Saturday, August 29, 2009
Samuel Tilden and the 1876 race for president
This originally appeared in the Hudson Register-Star Aug.29, 2009.
NEW LEBANON — Samuel Tilden couldn’t believe it. He had beaten Rutherford Hayes fair and square by more than 250,000 votes, but now it was all slipping through his fingers.
Down South they were still fighting it out over the remaining 19 electoral votes. Tilden had secured 184; one shy of a guaranteed win, but Hayes only had 165.
The 20th electoral vote was from Oregon, was first deemed illegal, but eventually went to Hayes.
Democrats and Republicans had poured down to Louisiana, South Carolina and Florida to ensure that their candidate would get a fair shake, but the news that floated back north was of voting fraud from Republicans and the intimidation of African American voters by the Democrats.
Eventually these three states sent two different electoral votes to Congress, one indicating a win for Tilden, the other for Hayes.
In late January, with the inauguration date inching closer, Congress passed a law forming a 15-member Electoral Commission to pick a winner. Five Republicans and five Democrats were on the board with one neutral party, Supreme Court Justice David Davis, who later bowed out and was replaced by a Republican. Two days before the inauguration the committee gave all the disputed votes to Hayes.
The decision may have been due to a concerted effort at finding the truth or, more likely, to a back-room deal, now termed the “compromise of 1877.”
The deal between Republicans and Southern Democrats put Hayes in the White House and helped end Reconstruction by withdrawing federal troops from the South. With that the new Republican state governments were voted out and African Americans were quickly disenfranchised.
According to the Brooklyn Daily Eagle in a contemporary editorial, Tilden hadn’t been a party to the compromise.
Thomas Hendricks, who was Tilden’s running mate, would eventually attain the position of vice president in 1884 under President Grover Cleveland and would die in office the next year.
Hayes, who only served one term as president, hadn’t been his party’s first choice for the job, but was elected as a compromise to James G. Blaine, who they believed couldn’t win the general election.
Tilden, on the other hand, had won the Democratic nomination handily and did so on a reform ticket based on his dealings with New York City’s Tweed gang of Tammany Hall. But the truth was far from being black and white.
William “Boss” Tweed and his cohorts had been bilking the public for years, managing to steal between $30 million and $200 million in six years, by some estimates.
As the Democratic chairman of the New York state, Tilden was slow to act against them, taking five years to do so.
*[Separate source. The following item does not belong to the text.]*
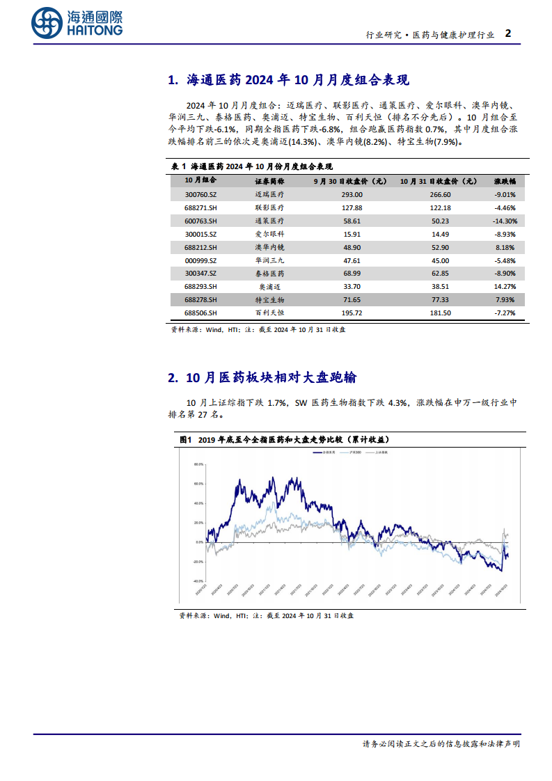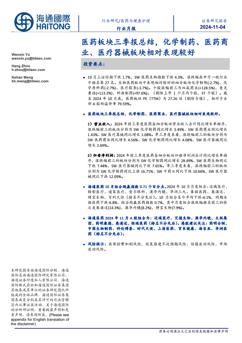 本报告深入分析了2024年10月医药生物板块的市场表现、三季报业绩总结以及海通医药的投资组合策略。核心观点如下:

It took Tweed’s former allies—including the boxing champion turned politician John Morrissey—a number of reform-minded newspaper editors, like Horace Greeley of the New York Tribune and a cartoonist named Thomas Nast to push Tilden to act.
In a New York Times editorial from 1870, Tilden is decried as a “fugleman” or wing-man “for Tweed” at a Democratic convention filled with “city thieves and bullies.”
In 1871, Tilden finally acted and began the process that would eventually send Tweed to prison, breaking him both financially and physically.
The governorship of New York came after that in 1875 and the Democratic nomination for president a year later.
Tilden was born in New Lebanon in 1814 to Elam Tilden and Polly Younglove Jones. The elder Tilden had come from Connecticut with his family when he was young and would eventually make his fortune with a pharmaceutical company based in his hometown.
Tilden graduated from New York University Law School in 1841 and became a corporate lawyer who represented nearly every major railroad at the time.
Following his loss on the national stage, Tilden retired from politics, turning down the 1880 run at the White House, due, he said, to ill health.
He lived in New York City at 15 Gramercy Park South in a house remodeled by Calvert Vaux, Frederick Law Olmsted’s collaborator on Central Park.
When he died in 1886, he bequeathed $4 million for a free public library and reading-room in New York City. This was combined with the Astor and Lenox libraries to found the New York Public Library.
He was buried in New Lebanon. And on his grave, written, one would guess, in regard to the 1876 election, are the words “I Still Trust in The People”.